**Input records**

-.-.-

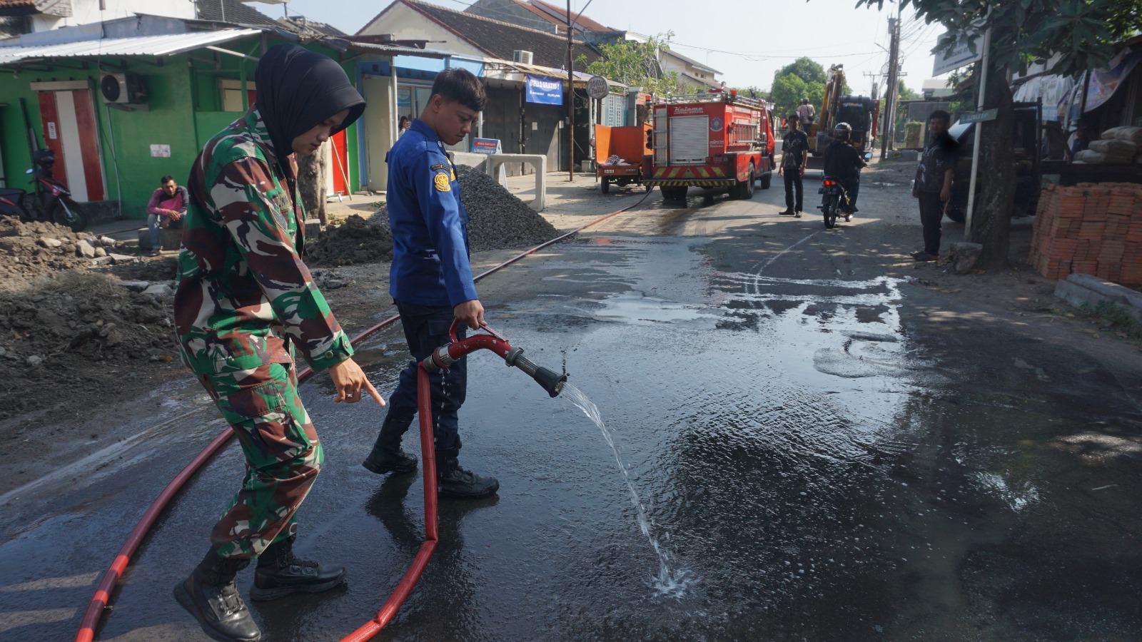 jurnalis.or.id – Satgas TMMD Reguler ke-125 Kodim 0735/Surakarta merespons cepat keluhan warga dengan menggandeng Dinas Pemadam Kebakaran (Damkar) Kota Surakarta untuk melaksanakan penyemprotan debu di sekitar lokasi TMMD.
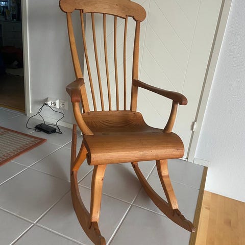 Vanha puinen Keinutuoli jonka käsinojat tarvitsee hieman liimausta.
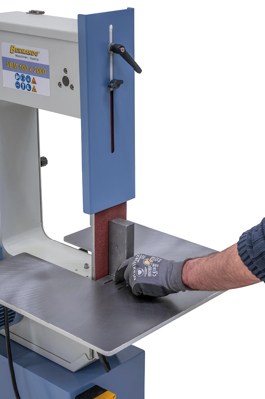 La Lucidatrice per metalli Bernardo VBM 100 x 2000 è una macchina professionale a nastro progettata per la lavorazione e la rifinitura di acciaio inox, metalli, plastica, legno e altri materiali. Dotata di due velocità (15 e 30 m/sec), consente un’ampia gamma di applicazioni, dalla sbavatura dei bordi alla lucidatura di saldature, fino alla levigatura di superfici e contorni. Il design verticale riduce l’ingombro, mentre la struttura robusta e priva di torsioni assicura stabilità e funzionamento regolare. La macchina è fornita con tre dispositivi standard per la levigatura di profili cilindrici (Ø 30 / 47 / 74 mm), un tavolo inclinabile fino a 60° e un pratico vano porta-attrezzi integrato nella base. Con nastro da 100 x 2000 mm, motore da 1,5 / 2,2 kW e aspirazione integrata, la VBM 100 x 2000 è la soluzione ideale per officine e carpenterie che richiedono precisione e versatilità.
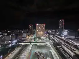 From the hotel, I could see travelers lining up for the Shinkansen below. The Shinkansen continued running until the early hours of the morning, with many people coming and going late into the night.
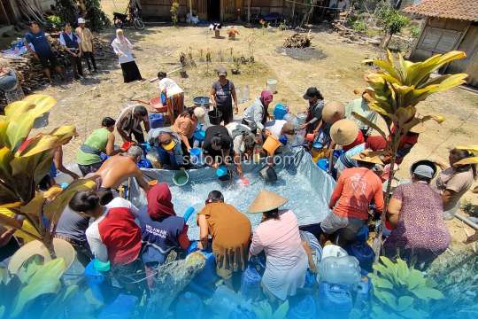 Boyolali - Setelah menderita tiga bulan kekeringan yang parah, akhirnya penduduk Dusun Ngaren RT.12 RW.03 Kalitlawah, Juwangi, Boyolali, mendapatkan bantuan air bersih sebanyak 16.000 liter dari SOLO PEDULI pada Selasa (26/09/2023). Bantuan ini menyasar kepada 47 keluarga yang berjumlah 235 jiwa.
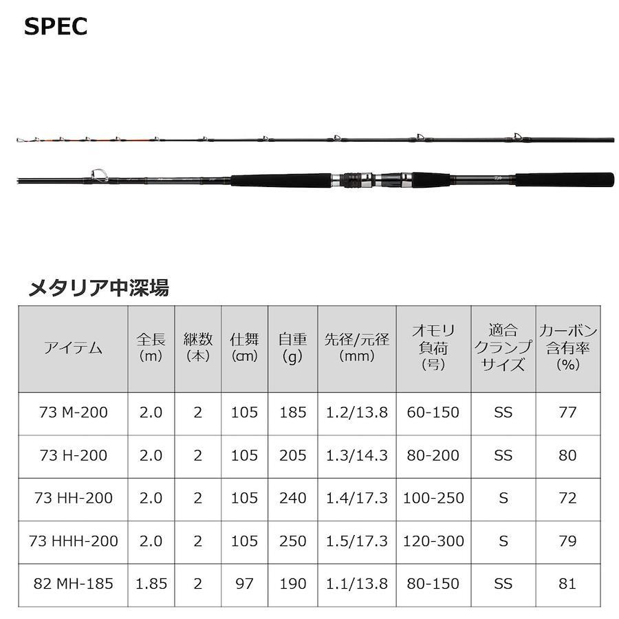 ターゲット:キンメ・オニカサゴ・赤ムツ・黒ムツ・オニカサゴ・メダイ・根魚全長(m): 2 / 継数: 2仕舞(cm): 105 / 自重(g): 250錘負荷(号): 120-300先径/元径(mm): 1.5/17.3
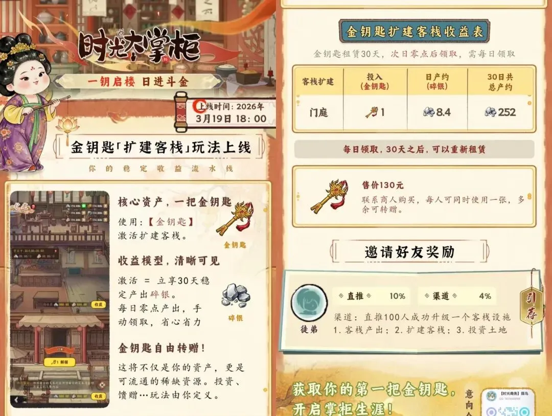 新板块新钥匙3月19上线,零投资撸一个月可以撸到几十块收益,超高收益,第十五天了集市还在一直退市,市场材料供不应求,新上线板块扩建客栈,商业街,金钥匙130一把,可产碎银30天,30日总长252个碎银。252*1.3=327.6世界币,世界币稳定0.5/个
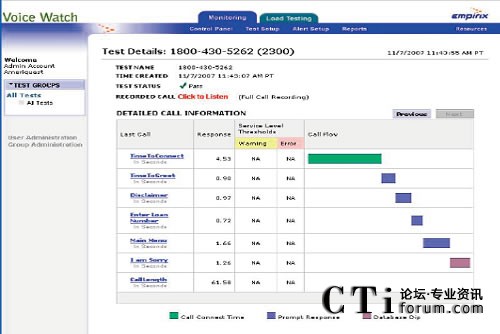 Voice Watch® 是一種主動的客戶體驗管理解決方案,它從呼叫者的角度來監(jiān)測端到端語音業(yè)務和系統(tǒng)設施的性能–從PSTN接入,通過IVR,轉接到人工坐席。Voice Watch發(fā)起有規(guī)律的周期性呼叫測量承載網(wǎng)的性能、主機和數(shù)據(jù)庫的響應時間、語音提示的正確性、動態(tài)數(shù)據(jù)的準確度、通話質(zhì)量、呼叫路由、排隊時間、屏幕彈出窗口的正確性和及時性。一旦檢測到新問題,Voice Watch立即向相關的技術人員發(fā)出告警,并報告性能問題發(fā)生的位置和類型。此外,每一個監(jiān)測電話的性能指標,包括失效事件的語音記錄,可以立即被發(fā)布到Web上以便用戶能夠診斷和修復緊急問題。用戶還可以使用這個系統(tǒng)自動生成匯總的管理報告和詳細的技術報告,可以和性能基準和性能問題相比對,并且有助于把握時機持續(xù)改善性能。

-.-.-

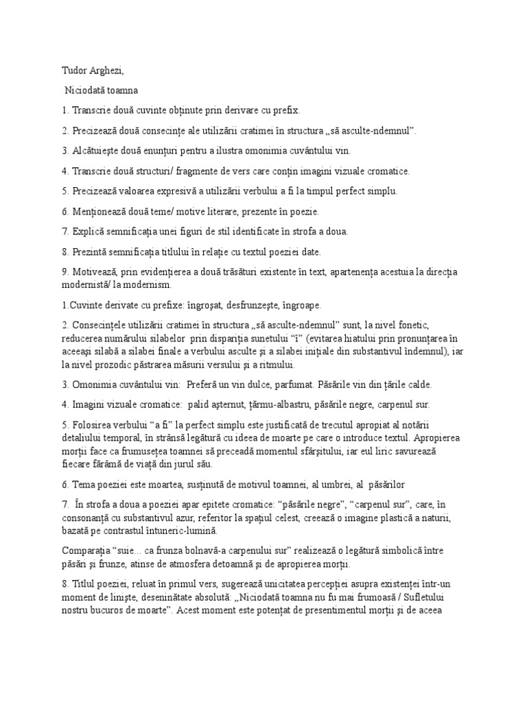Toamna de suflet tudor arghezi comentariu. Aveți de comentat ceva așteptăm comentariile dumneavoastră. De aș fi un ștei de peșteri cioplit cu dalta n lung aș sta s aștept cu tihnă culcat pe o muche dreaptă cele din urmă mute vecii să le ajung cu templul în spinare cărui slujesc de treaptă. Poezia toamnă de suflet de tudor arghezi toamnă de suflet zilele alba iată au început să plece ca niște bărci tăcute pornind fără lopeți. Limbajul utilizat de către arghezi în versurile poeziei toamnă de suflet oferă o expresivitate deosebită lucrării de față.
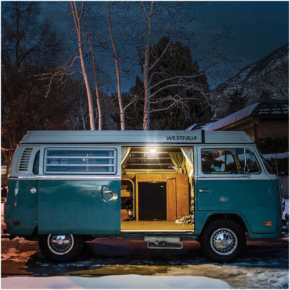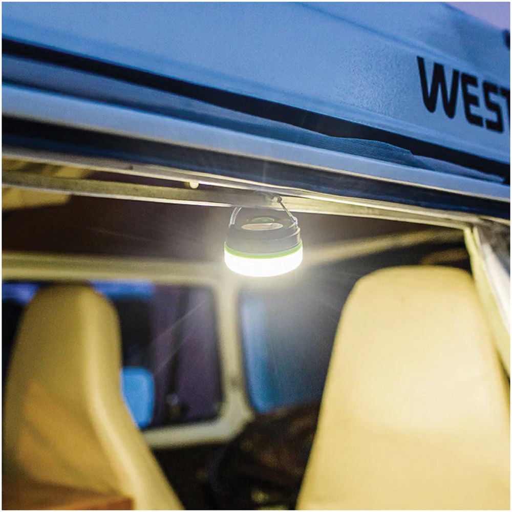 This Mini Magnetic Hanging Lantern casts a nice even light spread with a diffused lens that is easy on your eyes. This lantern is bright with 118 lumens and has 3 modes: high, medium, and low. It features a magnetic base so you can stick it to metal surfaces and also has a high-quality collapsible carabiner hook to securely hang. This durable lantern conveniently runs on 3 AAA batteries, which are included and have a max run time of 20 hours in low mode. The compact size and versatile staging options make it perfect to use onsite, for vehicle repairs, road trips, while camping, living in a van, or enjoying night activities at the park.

-.-.-

**Work order**
Extract, without any images, the part of the material above that opens with the line containing "jurnalis.or.id – Satgas" and closes with the line containing "新板块新钥匙3月19上线,零", both lines included.

**Solved problem**
 jurnalis.or.id – Satgas TMMD Reguler ke-125 Kodim 0735/Surakarta merespons cepat keluhan warga dengan menggandeng Dinas Pemadam Kebakaran (Damkar) Kota Surakarta untuk melaksanakan penyemprotan debu di sekitar lokasi TMMD.
 Vanha puinen Keinutuoli jonka käsinojat tarvitsee hieman liimausta.
 La Lucidatrice per metalli Bernardo VBM 100 x 2000 è una macchina professionale a nastro progettata per la lavorazione e la rifinitura di acciaio inox, metalli, plastica, legno e altri materiali. Dotata di due velocità (15 e 30 m/sec), consente un’ampia gamma di applicazioni, dalla sbavatura dei bordi alla lucidatura di saldature, fino alla levigatura di superfici e contorni. Il design verticale riduce l’ingombro, mentre la struttura robusta e priva di torsioni assicura stabilità e funzionamento regolare. La macchina è fornita con tre dispositivi standard per la levigatura di profili cilindrici (Ø 30 / 47 / 74 mm), un tavolo inclinabile fino a 60° e un pratico vano porta-attrezzi integrato nella base. Con nastro da 100 x 2000 mm, motore da 1,5 / 2,2 kW e aspirazione integrata, la VBM 100 x 2000 è la soluzione ideale per officine e carpenterie che richiedono precisione e versatilità.
 From the hotel, I could see travelers lining up for the Shinkansen below. The Shinkansen continued running until the early hours of the morning, with many people coming and going late into the night.
 Boyolali - Setelah menderita tiga bulan kekeringan yang parah, akhirnya penduduk Dusun Ngaren RT.12 RW.03 Kalitlawah, Juwangi, Boyolali, mendapatkan bantuan air bersih sebanyak 16.000 liter dari SOLO PEDULI pada Selasa (26/09/2023). Bantuan ini menyasar kepada 47 keluarga yang berjumlah 235 jiwa.
 ターゲット:キンメ・オニカサゴ・赤ムツ・黒ムツ・オニカサゴ・メダイ・根魚全長(m): 2 / 継数: 2仕舞(cm): 105 / 自重(g): 250錘負荷(号): 120-300先径/元径(mm): 1.5/17.3
 新板块新钥匙3月19上线,零投资撸一个月可以撸到几十块收益,超高收益,第十五天了集市还在一直退市,市场材料供不应求,新上线板块扩建客栈,商业街,金钥匙130一把,可产碎银30天,30日总长252个碎银。252*1.3=327.6世界币,世界币稳定0.5/个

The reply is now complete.